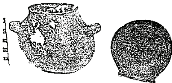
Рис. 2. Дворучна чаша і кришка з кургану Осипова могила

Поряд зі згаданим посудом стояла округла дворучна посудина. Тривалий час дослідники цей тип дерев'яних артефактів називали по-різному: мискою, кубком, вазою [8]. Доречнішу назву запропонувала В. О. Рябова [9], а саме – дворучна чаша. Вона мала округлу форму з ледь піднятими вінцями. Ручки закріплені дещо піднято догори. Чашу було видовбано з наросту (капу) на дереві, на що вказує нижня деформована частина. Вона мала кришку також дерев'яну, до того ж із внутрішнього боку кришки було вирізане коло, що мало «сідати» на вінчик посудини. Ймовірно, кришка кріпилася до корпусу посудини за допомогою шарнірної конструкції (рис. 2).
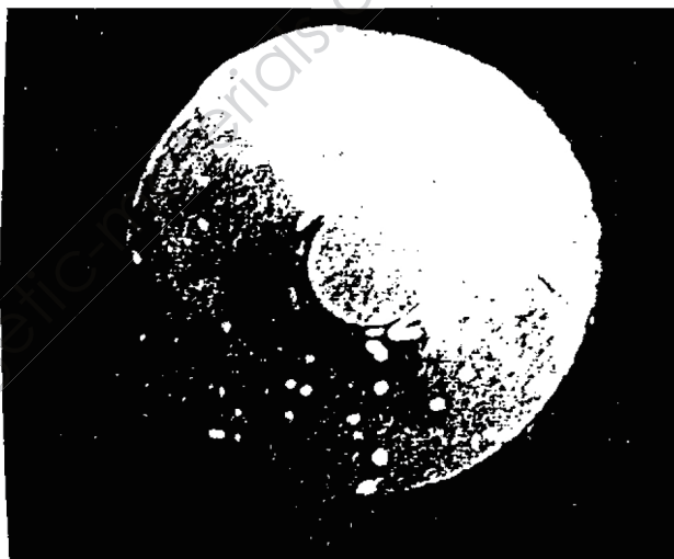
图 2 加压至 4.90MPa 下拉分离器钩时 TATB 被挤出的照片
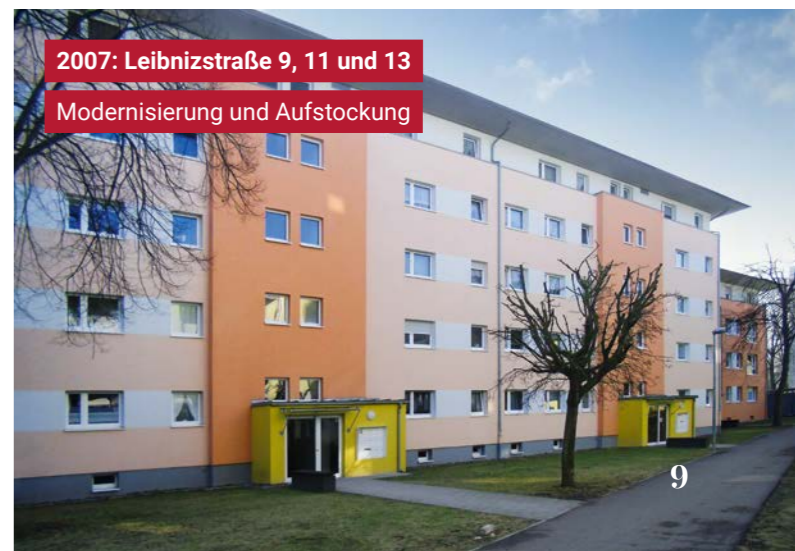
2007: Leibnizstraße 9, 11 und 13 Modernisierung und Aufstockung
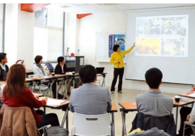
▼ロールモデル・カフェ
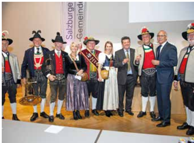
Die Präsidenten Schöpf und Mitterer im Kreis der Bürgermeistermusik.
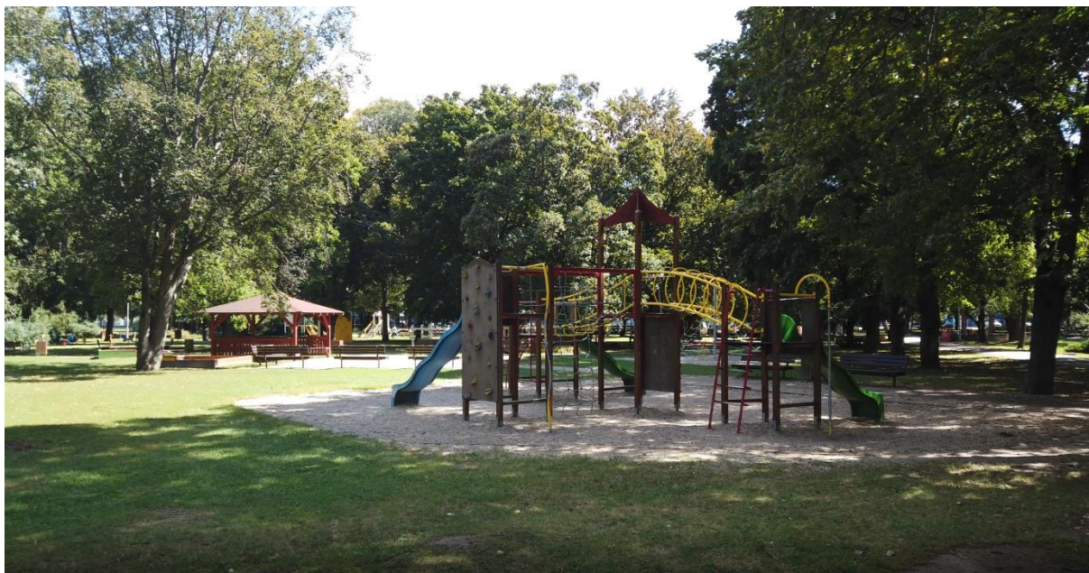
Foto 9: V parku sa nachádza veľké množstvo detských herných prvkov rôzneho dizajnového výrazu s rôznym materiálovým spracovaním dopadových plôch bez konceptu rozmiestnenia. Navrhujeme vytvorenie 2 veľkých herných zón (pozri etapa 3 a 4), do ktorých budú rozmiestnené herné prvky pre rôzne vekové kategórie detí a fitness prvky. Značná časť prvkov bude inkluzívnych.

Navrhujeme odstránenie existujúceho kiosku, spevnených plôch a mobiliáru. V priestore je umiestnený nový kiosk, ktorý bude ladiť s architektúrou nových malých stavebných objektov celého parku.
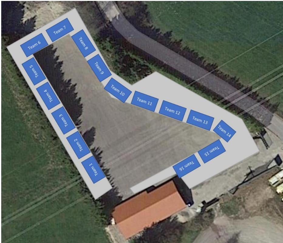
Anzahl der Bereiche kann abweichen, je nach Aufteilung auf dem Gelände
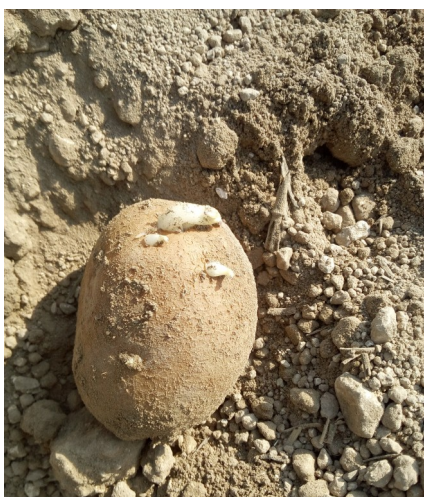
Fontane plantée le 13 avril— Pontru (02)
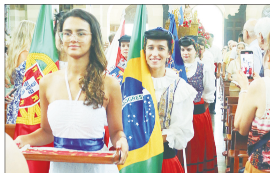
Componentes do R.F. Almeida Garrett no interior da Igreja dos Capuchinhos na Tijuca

> ACTIVITY: Would you reproduce the lines from the one with "Anzahl der Bereiche" through the final line of the data above, exactly and only those, without any pictures?

> EXERCISE RESPONSE:
Anzahl der Bereiche kann abweichen, je nach Aufteilung auf dem Gelände
Fontane plantée le 13 avril— Pontru (02)
Componentes do R.F. Almeida Garrett no interior da Igreja dos Capuchinhos na Tijuca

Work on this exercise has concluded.